If every reader forges in their mind the traits of the characters whose stories are conveyed in words, it seems difficult to portray from flesh-and-blood beings the creatures imagined by Gabo and known by thousands of readers around the world.
For Perfer, the process of creating the portraits was "almost ritualistic , a patient search for ordinary people who could carry the subject's emotional sway, and who appeared one by one over time. Basically, I wanted them to have a story in their faces."
Together with his ex-partner, cultural manager Sonia Ezquerrena, Perfer began the search in 2014 based on a profile created for each character.
“Each portrait is based on a reading and analysis we conducted not only of the character's physicality but also of their emotional and symbolic environment . It's not about literally representing the Buendías, as it's a purely artistic and personal proposal, but rather about embodying their essences: Aureliano's melancholy, Úrsula's strength, Remedios's fragility, the beauty of time suspended in Macondo . My premise was to find the visual syntax that these portraits would have, and how I would approach them.
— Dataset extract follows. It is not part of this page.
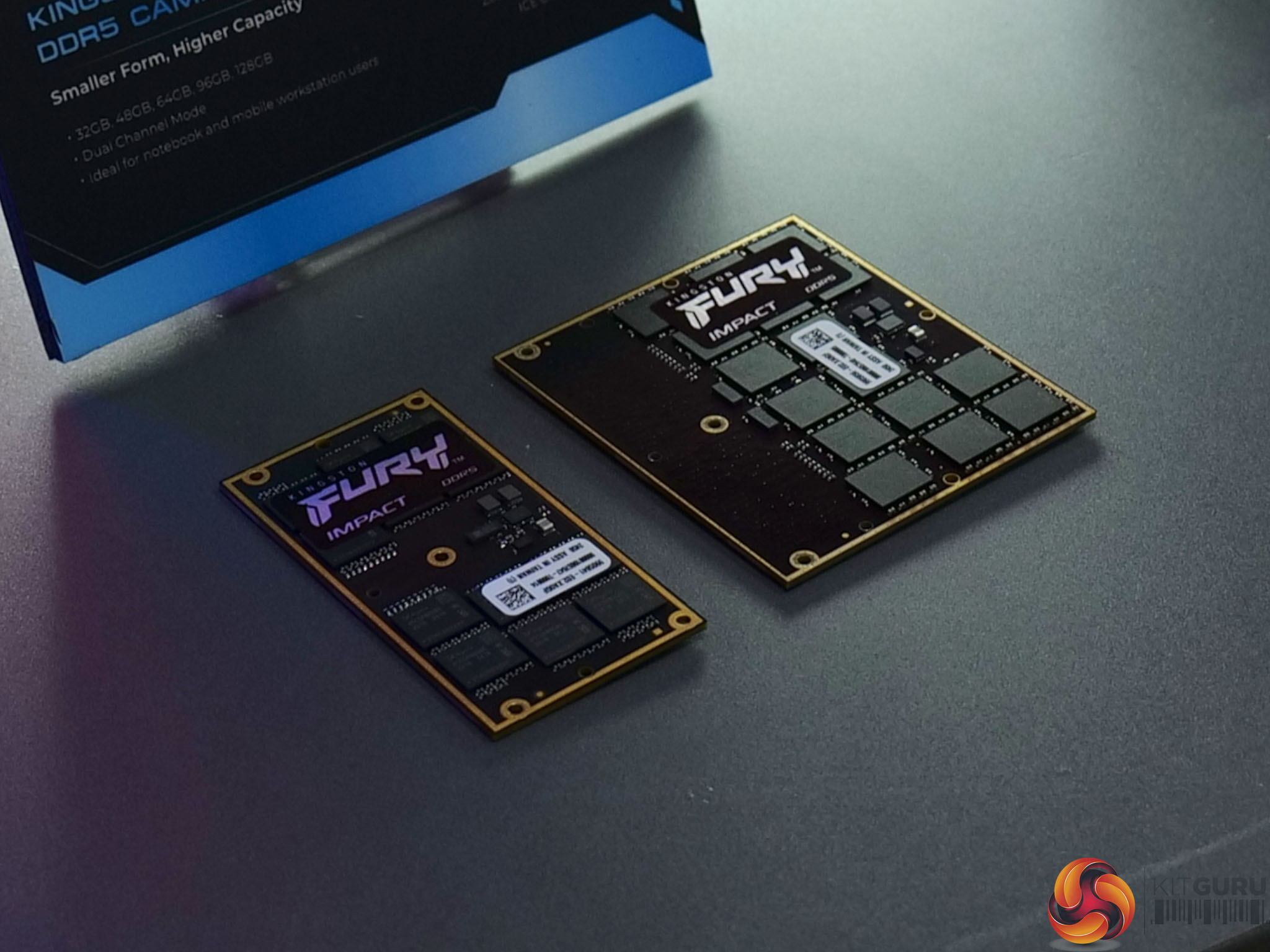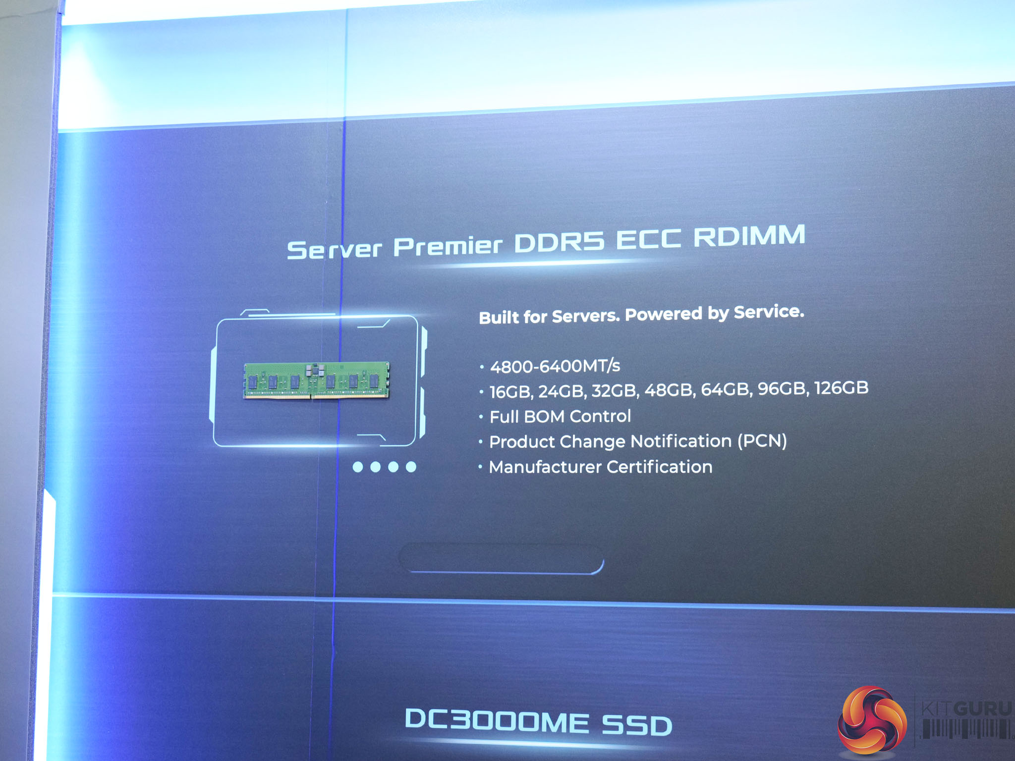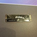 Finally, we get to the new Kingston Fury Beast CAMM2 memory module. This is a prototype based on the new CAMM2 standard, running on a prototype Aorus motherboard. These CAMM2 modules are capable of housing up to 128GB of memory. While we were anticipating CAMM2 memory to take over the laptop market, it seems that vendors are also working on desktop variations. Unfortunately, we don't know when CAMM2 devices will become available to the general public, but Leo reckons 2026 could be the year.

The result was using a classic lighting technique that allowed me to highlight their details and that didn't distract from my intended purpose with elements. I used visual elements such as light, which evoke the atmosphere of the novel: dust, textures, golden light, dense shadows. More than recreating, I wanted to suggest. Portraits are mirrors: they don't illustrate, they reflect,” she says.
Reflections of Macondo, defined as a concert-installation, at the Teatro Colón Experimental Center. Photo: courtesy of the Teatro Colón Press.
Both artists agree on the importance of presenting this project in the largest theater in Buenos Aires , the city that introduced the novel to the world, and that the performance will close the circle that began almost six decades ago.
Perfer adds: “Returning with a proposal that reinterprets that universe from a visual and aural perspective is an act of gratitude and a reconnection with the work of Gabriel García Márquez . It's also a recognition of the greatness of Gabo's work: although profoundly Colombian, his novel belongs to all the corners where the magical and the real coexist . Taking our project there is a tribute to the book, the reader, and the memory that unites us through Macondo.”
Reflections of Macondo , only performance on June 7 at 8 pm at the Teatro Colón Experimentation Center (Viamonte 1168).